His expression softens. “Why do you love me, Hannah?”
“Because of the way you love me.”
“That’s not an answer.”
I run my thumbs along the rough stubble of his jaw. “You opened your heart to me, Cage. You let me inside. I love you because you love me more than you love yourself, and it shows in everything you do. Even if you can’t forgive me for keeping things from you. You will always own my heart.”
“I forgave you the minute you stepped into that hotel room, Hannah. I don’t want to live a life without you in it. I’m so grateful for you.”
He wraps his hand around the back of my head, guiding my face to rest on his chest. He holds me, his fingers brushing through my hair, his lips pressed against my temple. “Thank you, Hannah. For everything.”
There is no answer. I’m here for this man, no matter what he needs. I delivered the answers he was looking for, breaking down the walls of his prison, and finally freeing him.
The month after I landed Reggie in the hospital with multiple broken bones and contusions, he was arrested for the murder of Lily Harold. His prints matched the one found on the bloodied rock. I was finally exonerated. Lily’s parents have not come forward or made a public appearance since the new events in the death of their daughter, but with Hannah’s help, I am finally learning to let go and move forward with my life. My father has canceled his bid for the presidency in the wake of the media fallout. I haven’t spoken to him since the night at the cabin, and I won’t ever speak to him again. My mother reached out to me last week and requested a meeting. I was hesitant, but Hannah encouraged me to accept her offer. If I want to put everything in the past, it’s the last loose end that needs tying.

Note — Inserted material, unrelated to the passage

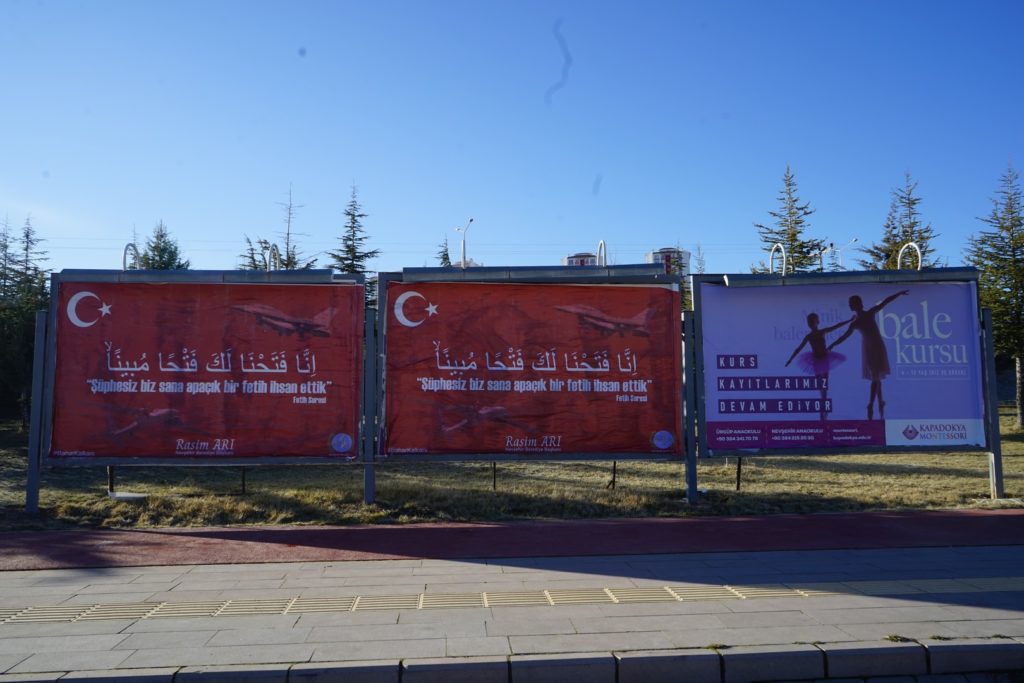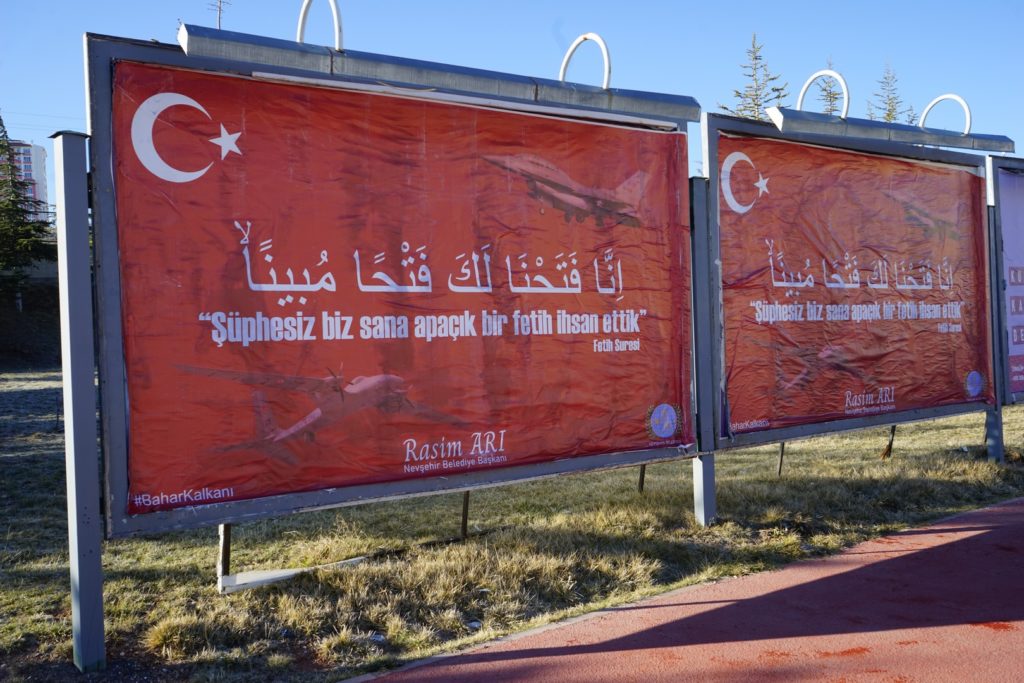 27 Şubat’ta İdlib’de rejim unsurlarının hain saldırısının ardından Türk Silahlı Kuvvetlerince (TSK) başlatılan Bahar Kalkanı Harekatı’na destek için Nevşehir Belediyesi tarafından üzerinde Fetih Suresi’nin bulunduğu afişler hazırlandı.
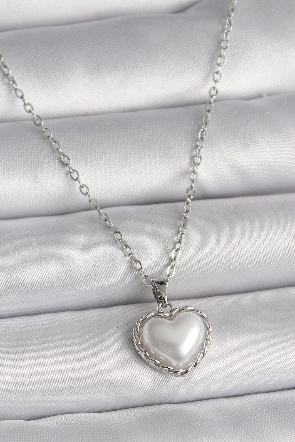 316L Çelik Gümüş Renk Zincir 3D İnci Kalp Model Kadın Kolye - TJ-BKO9712

Madeline’s condo is furnished well. Pictures line the walls, the important events of my life scattered everywhere.
“Here, this should warm you up.” Madeline hands me a mug of coffee, and I’m surprised to see my face on the side of the white ceramic.
“You didn’t miss anything. You were always there.”
“Not always,” she says, “but I tried.”
“Dad was a crappy father. You left me alone with a heartless fool.” I know in his strange way, he loved me. But it wasn’t enough. You can’t love someone if you’re saturating their life with so many lies.